Dear Statalist user,
I am working with a pretest-posttest design data where 1000 individuals were surveyed before an experiment, and then half of them were assigned a treatment (genetic testing), and all of them were surveyed again after the experiment (about a year after the experiment).
We are trying to see first whether individual's opinions about race changed. The hypothesis is that the treatment group will change while the control group will not.
Secondly we want to see if this change is dependent on the Knowledge of Biology or not. (measured with a categorical variable)
The command we are using is xtmixed (the DV is continuous). I use Stata version 14 on a Mac.

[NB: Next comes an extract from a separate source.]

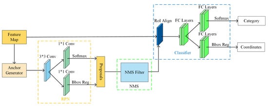 The RPN section in Figure 8 performs classification and regression operations on the multiple anchor frames generated at each anchor point. Specifically, after generating the anchor box, the feature map is fed into the RPN part, which first performs one 3 × 3 convolutional layer to keep the feature map size, and then performs the computation of two 1 × 1 convolutional layers to achieve the binary classification task and the border regression task, respectively. For each anchor frame, it is determined whether the anchor frame is a target object (foreground) or background. Then, a regression operation is performed to adjust the position and size of the anchor frame to better match the real position of the target object. We generate proposals based on the results of classification and regression. We employ the NMS algorithm to filter the proposals. Each box containing the target is sorted from highest to lowest according to the classification score. After sorting each box, we calculate the IoU value for each box and for each box, when its value is above a certain threshold, it is removed from the box. Finally, the result is fed into the classifier. IoU is a commonly used value in detection tasks, and is the result of dividing the overlapping part of two regions by the aggregated part of the two regions, and comparing the result of this IoU calculation by a set threshold value. Generally, we consider that an object detection is recognised when the IoU is greater than the threshold value.

For the first inquiry, we simply run the following command:
Code:
xtmixed DV i.Treatment##i. time i .BiologyKnowledge i. Male i.Age i.Educ ideology || ID:, var reml
Code:
xtmixed DV i.Treatment##i.time##i.BiologyKnowledge i. Male i.Age i.Educ ideology || ID:, var reml
Code:
xtmixed DV i.Treatment##i.BiologyKnowledge i.time i. Male i.Age i.Educ ideology || ID:, var reml
As far as I understand, unless we incorporate the time variable to the interaction, two-way interaction between the Biology Knowledge and the Treatment variable will only show whether the effect of Treatment variable on the DV (the difference between the Control and Treatment Group?) is contingent on the Biology Knowledge. But I am not quite sure which difference this interaction term captures between the Control and Treatment Group. The time variable will show the simple effect of time on the DV (average change?), I assume, but then what does the two-way interaction term between treatment and Biology Knowledge show exactly?
Another option is to run two separate two-way interactions: one with Treatment and time, and one with Treatment and Biology Knowledge.
Code:
xtmixed DV i.Treatment##i.time i.Treatment##i.BiologyKnowledge i. Male i.Age i.Educ ideology || ID:, var reml
How would that one differ from a three-way interaction?